Catholic Church: Bätzing: Positions of the AfD and the church are incompatible

Catholic Church
Bätzing: Positions of the AfD and the church are incompatible

Georg Bätzing waves the censer at the opening service of the autumn general assembly in St. Bonifatius Church. photo

© Arne Dedert/dpa

Last week, a Catholic bishop named not only differences but also similarities with the AfD. Now the head of the German Bishops’ Conference is distancing himself with very clear words.

Shortly before the state elections in Bavaria and Hesse, the chairman of the German Bishops’ Conference, Georg Bätzing, described the positions of the AfD and the Catholic Church as “incompatible”. The church must position itself here and find clear words, said Bätzing at the beginning of the autumn general meeting of the Catholic Church in Wiesbaden.

“I am very convinced that the positions of the AfD and the positions of the Catholic Church are incompatible, because we are dealing here with a party that is not an alternative for Germany, but that wants an alternative Germany, a xenophobic, an anti-European, a nationalist Germany – proven extremist in certain people and parts of this party,” said Bätzing. “We as the Catholic Church can only distance ourselves from this.”

Bishop causes severe irritation

The Augsburg Bishop Bertram Meier caused severe irritation last week when he said, among other things: “Like the church, the AfD advocates, for example, the protection of unborn life or the marriage of a man and a woman – and yet we can Church should not narrow our view of such overlaps.” The canon lawyer Thomas Schüller then accused Meier of making himself a “stirrup holder for broader social acceptance of right-wing radicals.”

Bätzing also took a clear position on the migration issue. There are hundreds of thousands of people working within the Catholic Church to welcome and integrate refugees, said the Limburg bishop. “The culture of welcome is not over,” he emphasized. It is important to see that these people knocked on the door out of emergency. “It is a duty for Christians to open their doors and their hearts.”

Hengsbach case concerns church

Bätzing accused the former Ruhr bishop Franz Hengsbach (1910-1991), who was accused of abuse, of “criminal behavior”. “The uncertainty for believers in this diocese when you see what a high pedestal this man stood on as the founding bishop and then falls – that cannot be compared with anything,” said Bätzing. “These are generations of people who were formed there and then are disappointed by the criminal behavior of such a bishop. For me, that actually has a quality that we haven’t had before.”

Bätzing pointed out that other affected people were currently reporting. “That always means that the allegations are substantiated.” Now the following applies: “Everything must be on the table, the truth must be on the table. This is the only way those affected will get justice.” He hopes that the case can be solved long after the alleged perpetrator’s death.

Bätzing emphasizes the inviolability of the right to asylum

In his sermon at the opening evening service in downtown Wiesbaden, Bätzing called for the inviolability of the right to asylum. According to Bätzing, every person’s dignity is inviolable from the first to the last moment, not the property of anyone or anything. “This also applies to the people who, out of need and fear for their lives, end up stranded at the borders of the European Union – if they even make it there on all the dangerous routes – and ask for asylum.”

The church as a whole is in the phase of fundamental upheaval and, in view of massive crisis phenomena, needs serious repair and renewal, said Bätzing, also with a view to the upcoming world synod in Rome.
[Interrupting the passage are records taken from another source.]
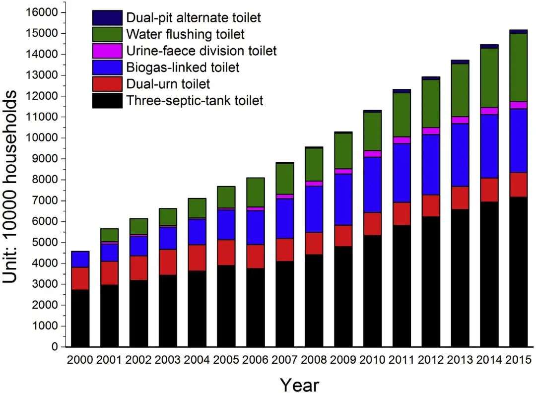2000 年-2015 年中国农村地区每年安装的六种不同无害卫生厕所的数量/《环境管理杂志》2018
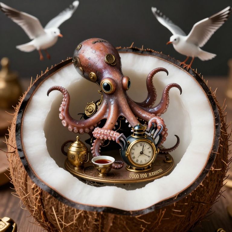 Inside an inverted coconut, a steampunk octopus with gilded inkpods prepares a 1000-year-old tea ceremony for talking clockwork seagulls.
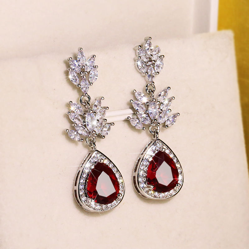 Aurora Teardrop Sparkle Earrings – Platinum Plated Red Geometric Zircon Drops
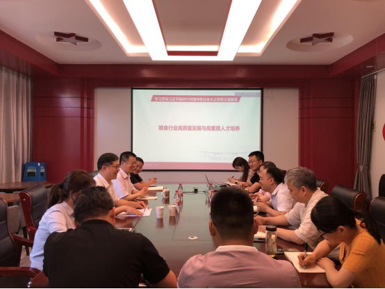 在德经楼329会议室召开学习贯彻习近平新时代中国特色社会主义思想主题教育专题讲座。江苏省粮食物资局人事处李通刚处长作高素质人才培养专题讲座,学院党委书记张圣兵、党委副书记贾亦璞、副院长崔向阳、刘小峰及系主任、党支部书记、辅导员参加学习。专题讲座由明星色情

Such processes could never run without conflict – “not among the believing people of God, not among experts and theologians and not among bishops.”

Protester: “I would like to quit”

The opening service was accompanied by a vigil by women’s and reform groups in front of the church. On banners and posters they called, among other things, for women to be ordained priests and for a consistent investigation into the scandal surrounding the sexual abuse of children and young people by clergy. “It’s unbelievable,” said one participant at the vigil, complaining about years of covering up allegations of abuse. “I would like to quit,” said an 86-year-old demonstrator. She also no longer believes that the church is capable of real reforms.
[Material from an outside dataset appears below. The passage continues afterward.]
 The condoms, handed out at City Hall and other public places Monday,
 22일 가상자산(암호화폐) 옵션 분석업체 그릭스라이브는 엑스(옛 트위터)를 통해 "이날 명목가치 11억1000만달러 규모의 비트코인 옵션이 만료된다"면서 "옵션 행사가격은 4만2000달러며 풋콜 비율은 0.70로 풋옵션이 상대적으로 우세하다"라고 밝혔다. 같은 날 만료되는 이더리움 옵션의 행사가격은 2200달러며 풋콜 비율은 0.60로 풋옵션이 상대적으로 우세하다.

Pope Ambassador Nikola Eterovic, who is known to be extremely conservative, warned the church against gender “ideology” in a greeting to the German Bishops’ Conference. He quoted from the biblical story of creation: “God created man (…) Male and female he created them.” The Apostolic Nuncio, who represents the Vatican to the federal government, commented: “Unfortunately, this image has now been forgotten in some circles of the church.”